The unbounded-attribute-value trap. A common pattern in early instrumentation is span.set_attribute("request.body", json.dumps(request_data)) — "future-me will thank present-me for capturing the full input". Future-you will not. A 4KB request body × 220k spans/sec × 24 hours = 75 TB/day of attribute storage; even with 60% gzip in OTLP that is 30 TB/day on the wire. The fix is the same as for log hygiene: pick the 5–10 fields that matter (customer.id, redemption.coins_debited, request.partner) and attach them as separate, bounded attributes. The full payload, if you really need it, belongs in a structured log line joined to the trace by trace_id.

The attribute-key namespace collision. Service A names its customer attribute userId. Service B names it user_id. Service C names it customer.id per semantic conventions. A trace that spans all three is uncorrelatable — TraceQL queries that filter on one key miss spans that use another. The fix is a service-wide attribute taxonomy enforced in code review and via the Collector's attributesprocessor (which can rename userId → customer.id at the edge). The Razorpay-shape platform team that owns this taxonomy maintains a single attributes.yaml file in the platform repo, code-reviews any addition, and rejects any PR that introduces a new key colliding with an existing one.

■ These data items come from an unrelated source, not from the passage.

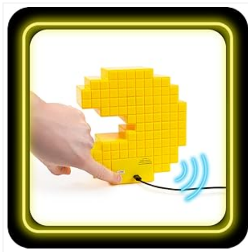
Image: Rear view of the Pacman light, highlighting the USB port and power switch.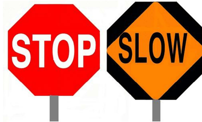
Approved Stop/Slow Paddles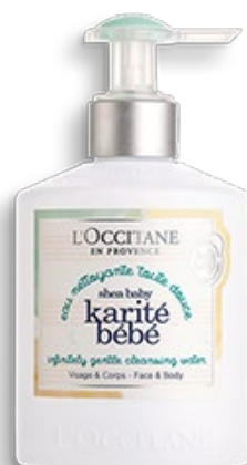
Infinitely Gentle Cleansing Water 300ml €15 (worth €22.50)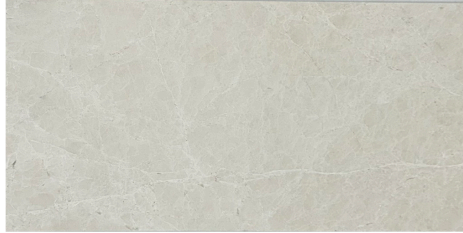
12" x 24" Honed 12" x 24", 3/8" thick VIH1224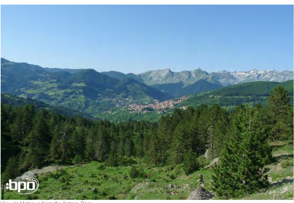
View to Metsovo from the Katara-Pass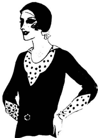
6467 - Eyelet collar.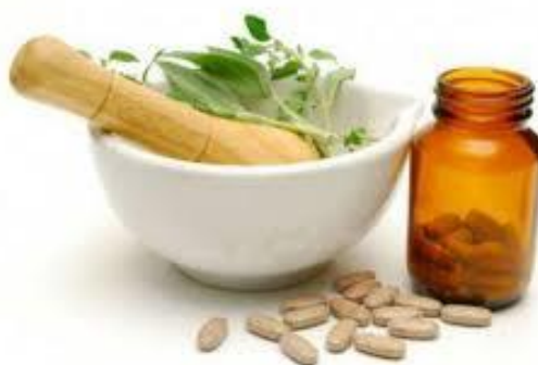
Figure 1: Ayurveda medicine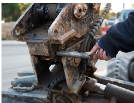
Photo 2: Shows a worker locating the safety pin for the semi-automatic quick hitch. This is an administrative measure, as it depends entirely on the action of the worker.

Further information can also be obtained within the Safe Work Australia Interpretive Guideline – Model Work Health and Safety Act: The meaning of ‘reasonably practicable’ . The model code of practice Managing Risks of Plant in the Workplace , also provides guidance on these concepts, refer section 2.3, Controlling of risks. These documents can be accessed at safeworkaustralia.gov.au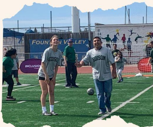
Unified Sports - Special Olympics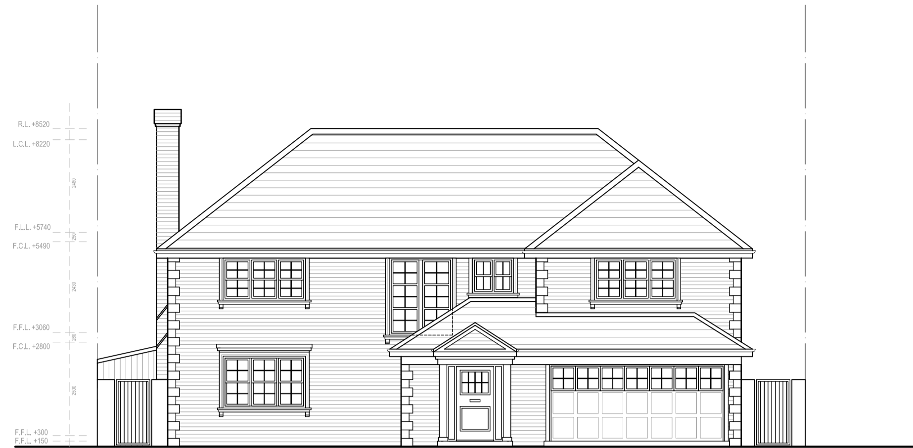
PROPOSED FRONT EAST ELEVATION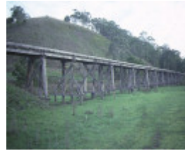
1 rail bridge curdies river timboon side view jun1984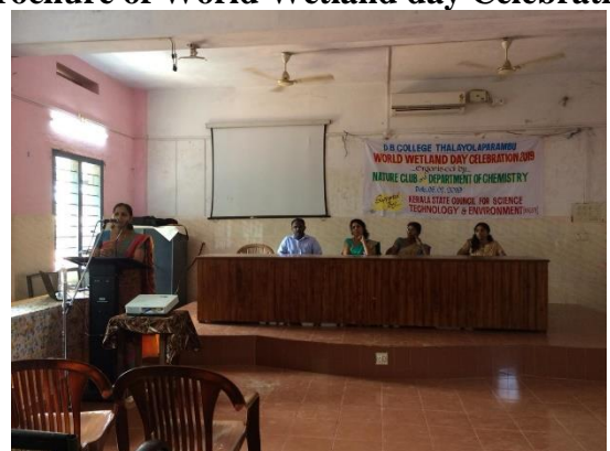
Inaugural session of Wetland Day Celebration

Brochure of World Wetland day Celebration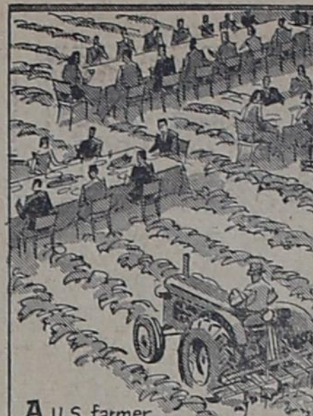
A U.S. farmer produces enough to feed himself and 23 others. In Russia a farmer produces enough to feed himself and one other.

ADVERTISING RATES Display, per Column inch - 45¢ National, less agency disc. - 56¢ Classified Advertising . . . . . 3c per word Minimum charge 50¢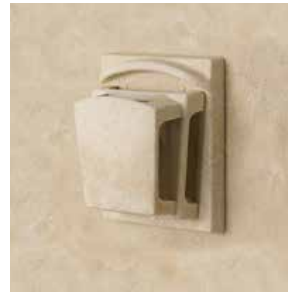
HORIZONTAL VENTING GAS TERMINATION CAP

DVP-TRAP1/DVP-TRAP2/SLP-TRAP1/ SLP-TRAP2/SLP-HHW2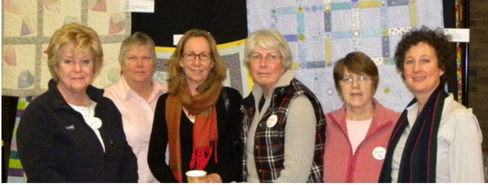
New members at the January Guild meeting.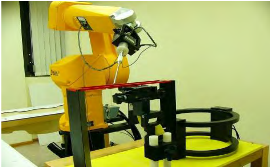
Fig. 1 Photograph of the DASY 5 measurement system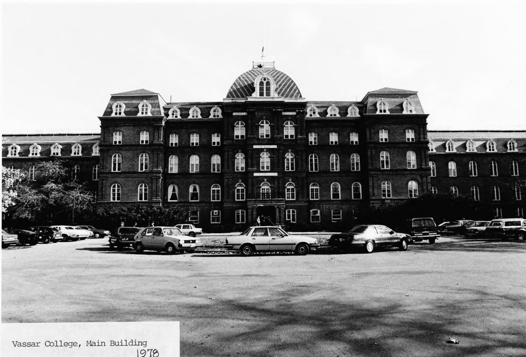
Vassar College, Main Building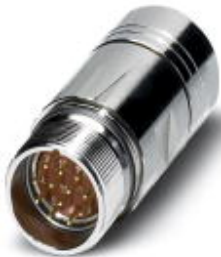
Coupler connector, straight, Screw locking, M23, Number of positions: 16, Type of contact: Male connector, Crimp connection, Shielded: Yes, Cable cross section: 5 mm...13.2 mm

Please be informed that the data shown in this PDF Document is generated from our Online Catalog. Please find the complete data in the user's documentation. Our General Terms of Use for Downloads are valid ( http://download.phoenixcontact.com )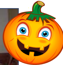
(Top left) Students judge the LRM C Jack-o-lanterns at the annual pumpkin carve.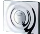
38 861 Surf 000, P00, SH0 (vertical or horizontal installation)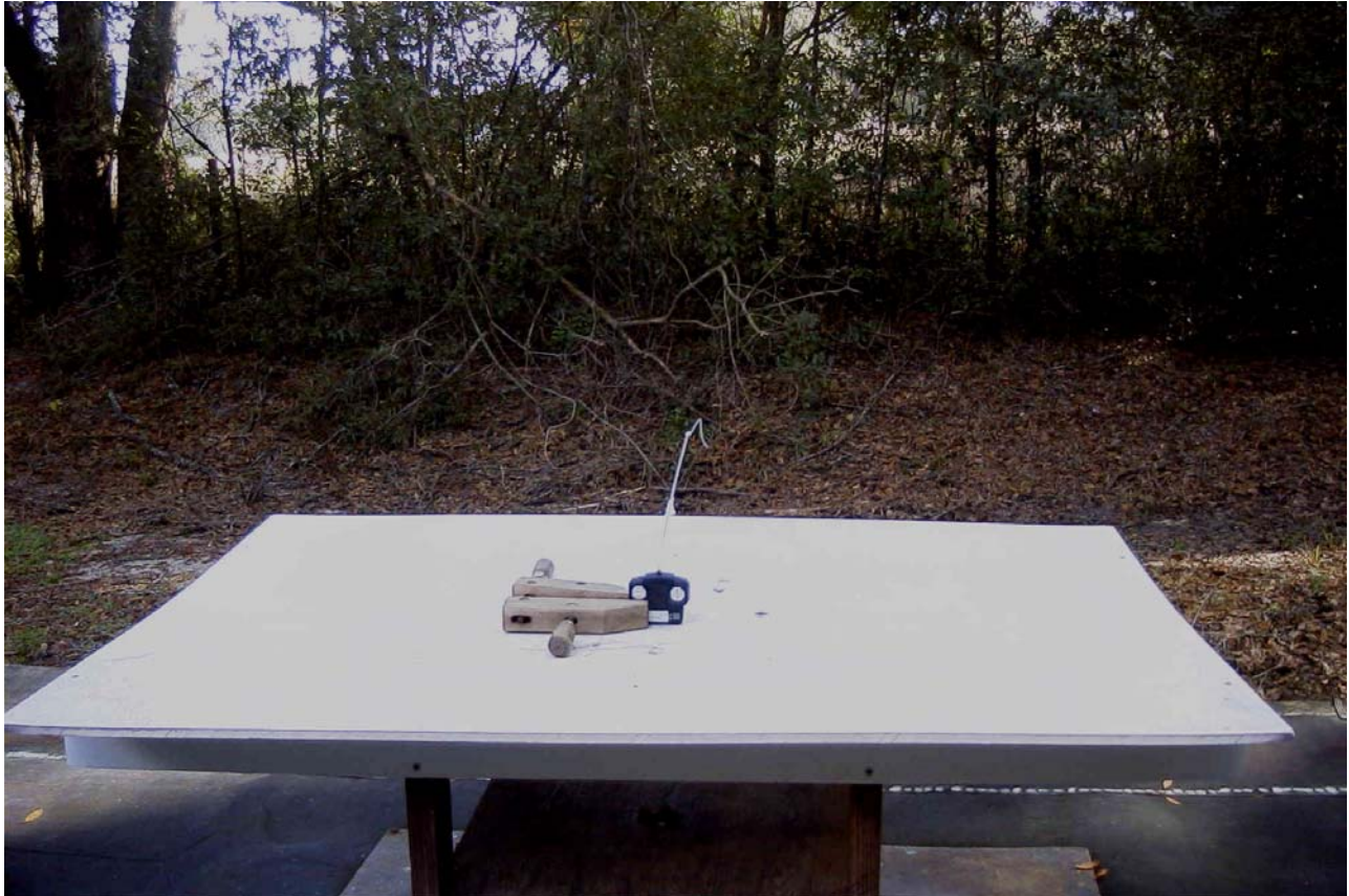
TEST SET UP PHOTO

888.472.2424 F 352.472.2030 email: tei@timcoengr.com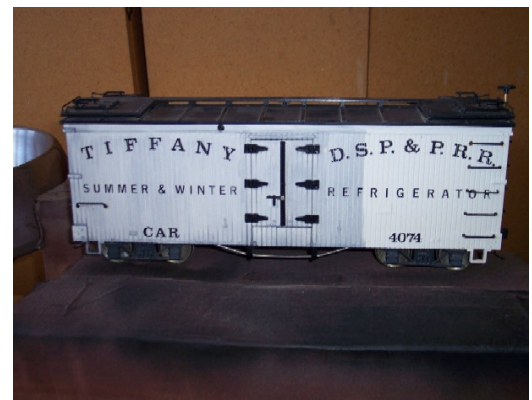
White car about 2/3 coated with dilute Ink and Alcohol solution.

The problem I encountered was how to weather the light bright colored cars. I have a white Tiffany Refer and two yellow (a Colorado and Southern and a Pacific Fruit Express) wood refrigerator cars. I was afraid that even a light dusting of the light gray primer would change the color and hide the base coat.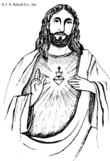
Most Sacred Heart of Jesus

NOVENA / RETREAT: St. Michael's Church invites everyone to the Sacred Heart of Jesus Novena beginning June 7th, at 6:00pm in the chapel, concluding June 15th. The Thanksgiving Mass and Consecration to the Sacred Heart of Jesus will be celebrated on June 16th at 7:00pm in the church. All are welcome.

The status-as-HTTP-code antipattern. A handler that sees response.status_code == 404 calls span.set_status(Status(StatusCode.ERROR)). Three weeks later, the team's SLO dashboard shows a 12% error rate on /voucher/{id} and on-call gets paged at 03:00. The "errors" are all 404s on missing-voucher lookups — a normal outcome, not a service failure. The fix is to map HTTP status to span status thoughtfully: 5xx and intentional retries → ERROR; 4xx for client errors that are actually exceptional → ERROR; 4xx that represent normal outcomes (404 Not Found, 409 Conflict on idempotent requests) → OK or UNSET. The OTel HTTP semconv (§ http-spans) actually says: 5xx is always ERROR; 4xx is ERROR only on the client side, not the server side. Most teams get this wrong on first ship.

Illustrative — between roughly 8 and 25 thoughtfully-placed custom spans per request, you cover about 85% of common debugging questions at about 2x the auto-instrumentation-only cost. Past ~25 spans the cost grows linearly while the insight curve plateaus; this is where pure-helper-function instrumentation lives. The curve shape is robust across services we have seen at Razorpay/Hotstar-shape scale; the exact numbers shift by 30–50% depending on which auto-integrations are loaded.

The implication of the cost-vs-insight curve is that the right design is a span budget per request. A redemption-service handler aiming for 10–20 custom spans per request hits the insight plateau without falling off the cost cliff. The Hotstar-shape playback service that handles 1.2M concurrent IPL viewers cannot afford 200 spans per request — at 220k req/sec × 200 spans × 600 bytes/span × 60% compression × 86400 seconds/day, the wire bill alone is ₹40 lakh/month before storage. The discipline is to ship custom instrumentation in two phases: phase 1 wraps the 5–8 outcome-changing functions; phase 2 adds spans only where a real debugging session showed a blind spot. This forces every span to earn its place by answering a question that was actually asked.

The other operational discipline is deletion. Custom spans accumulate over years; the function they wrapped gets deleted, the span call gets renamed but not removed, the span's attributes drift from the actual data. A quarterly review of "spans whose name appeared in zero TraceQL queries in the last 90 days" — easy to compute from your trace backend's query logs — is the cheapest way to keep the span surface relevant. A platform team at a hypothetical Swiggy-shape delivery service runs this audit in their weekly platform-engineering meeting; spans that nobody queried get a one-week notice, then a PR that removes them, then a celebration when the trace bill drops.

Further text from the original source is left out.